Regarding `coef = 2`

, we can see that the original `bumphunter`

function already has it defined as defaults. Also, knowing that bumhunter was originally defined to compare 2 groups I went to check the minfi wrapper to see if they implemented a change.

```
setMethod(
"bumphunter",
signature(object = "GenomicRatioSet"),
function(object, design, cluster = NULL, coef = 2, cutoff = NULL,
pickCutoff = FALSE, pickCutoffQ = 0.99, maxGap = 500,
nullMethod = c("permutation", "bootstrap"), smooth = FALSE,
smoothFunction = locfitByCluster, useWeights = FALSE,
B = ncol(permutations), permutations = NULL, verbose = TRUE,
type = c("Beta","M"), ...) {
.isMatrixBackedOrStop(object, "bumphunter")
type <- match.arg(type)
bumphunterEngine(
mat = getMethSignal(object, type),
design = design,
chr = as.factor(seqnames(object)),
pos = start(object),
cluster = cluster,
coef = coef,
cutoff = cutoff,
pickCutoff = pickCutoff,
pickCutoffQ = pickCutoffQ,
maxGap = maxGap,
nullMethod = nullMethod,
smooth = smooth,
smoothFunction = smoothFunction,
useWeights = useWeights,
B = B,
permutations = permutations,
verbose = verbose,
...)
}
)
```

We see that the minfi wrapper basically fits the right matrix of data (`mat = getMethSignal(object, type)`

) to dhe `bumphunterEngine`

function keeping the `coef = 2`

option.

At this point, I went to check the other function `.getEstimate(mat = mat, design = design, coef = coef, ...)`

which calculates the coefficients, if I understood properly, based on the data matrix (`mat = mat`

), the experimental design (`design = design`

) and the coefficient (`coef = coef`

, which gets set to 2).
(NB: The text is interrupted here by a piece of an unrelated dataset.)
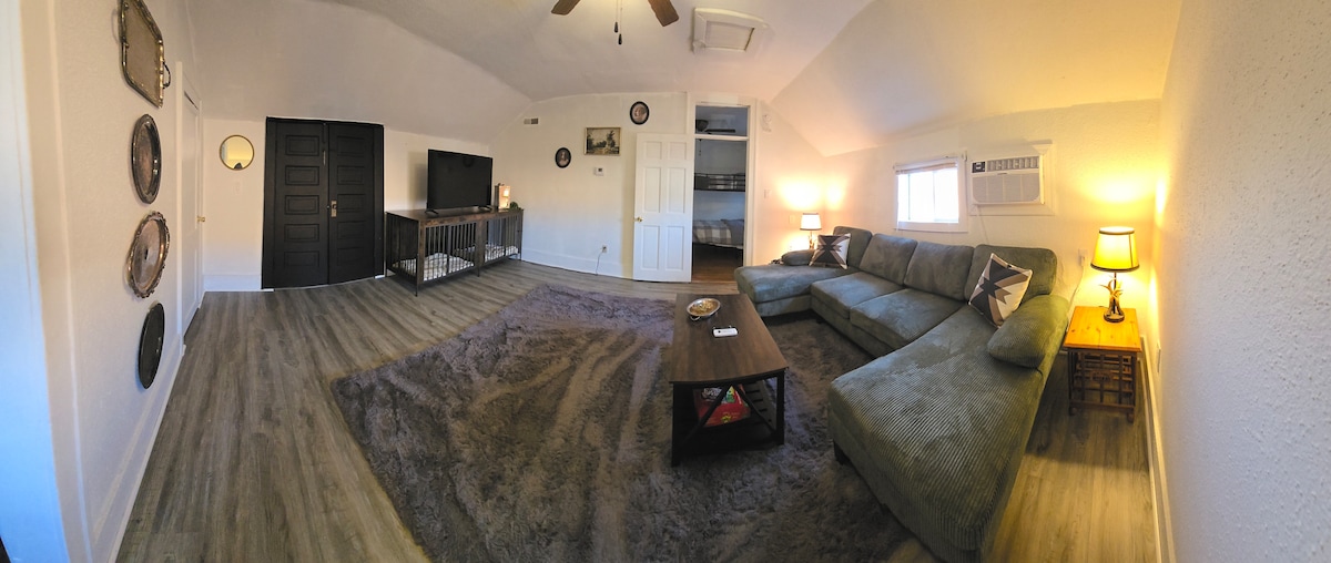 This two-bedroom, one-bath *second story* loft style living space is perfect for your stay in Eau Claire. Boasting a washer and dryer, full kitchen, keyless entry, many windows and comfortable furniture – you will feel right at home in this cozy and functional space. Nestled in a quiet neighborhood minutes away from downtown and UW-Eau Claire. This area offers many options for dining, the arts and shopping. Everything you could want or need is a short drive, bike ride or walk away.

The code can be found here.

```
.getEstimate <- function(mat, design, coef, B=NULL, permutations=NULL,
full=FALSE) {
v <- design[,coef]
A <- design[,-coef, drop=FALSE]
qa <- qr(A)
S <- diag(nrow(A)) - tcrossprod(qr.Q(qa))
vv <- if (is.null(B)) matrix(v, ncol=1) else{
if(is.null(permutations)){
replicate(B, sample(v))
} else{
apply(permutations,2,function(i) v[i])
}
}
sv <- S %*% vv
vsv <- diag(crossprod(vv,sv))
b <- (mat %*% crossprod(S, vv)) / vsv
if(!is.matrix(b))
b <- matrix(b, ncol = 1)
if (full) {
sy <- mat %*% S
df.residual <- ncol(mat) - qa$rank - 1
if (is.null(B)) {
sigma <- matrix(sqrt(rowSums((sy - tcrossprod(b, sv))^2) / df.residual), ncol=1)
} else {
sigma <- b
tmp <- sy
for (j in 1:B) {
tmp <- tcrossprod(b[,j], sv[,j])
sigma[,j] <- rowSums((sy-tmp)^2)
}
sigma <- sqrt(sigma/df.residual)
}
out <- list(coef=b,
sigma=sigma,
stdev.unscaled=sqrt(1/vsv),
df.residual=df.residual)
if (is.null(B)) out$stdev <- as.numeric(out$stdev)
} else {
out <- b
}
return(out)
}
```

and my design would be something like:

```
des.groups <- c(rep("control", 2), rep("drug.A", 2), rep('drug.B', 2))
design <- model.matrix(~ des.groups)
design
(Intercept) des.groupsdrug.A des.groupsdrug.B
1 1 0 0
2 1 0 0
3 1 1 0
4 1 1 0
5 1 0 1
6 1 0 1
```

I am worried that, just at the beggining of the `.getEstimate`

function, it subsets the design based on the `coef`

argument

```
v <- design[,coef]
```

getting

```
> v
1 2 3 4 5 6
0 0 1 1 0 0
```

However this is as far as I can go with my linear algebra knowledge. So I am wondering if the `value`

and `area`

returned by `bumphunter`

reflect the mehylation changes of "just" 2 groups (in my case control (Intercept) and des.groupsdrug.A).

What do you think? If this is the case, how would you address the comparison among 3 groups? with 3 pairwise comparisons?

If you arrived here, THANKS for reading the long post and please share your thoughts.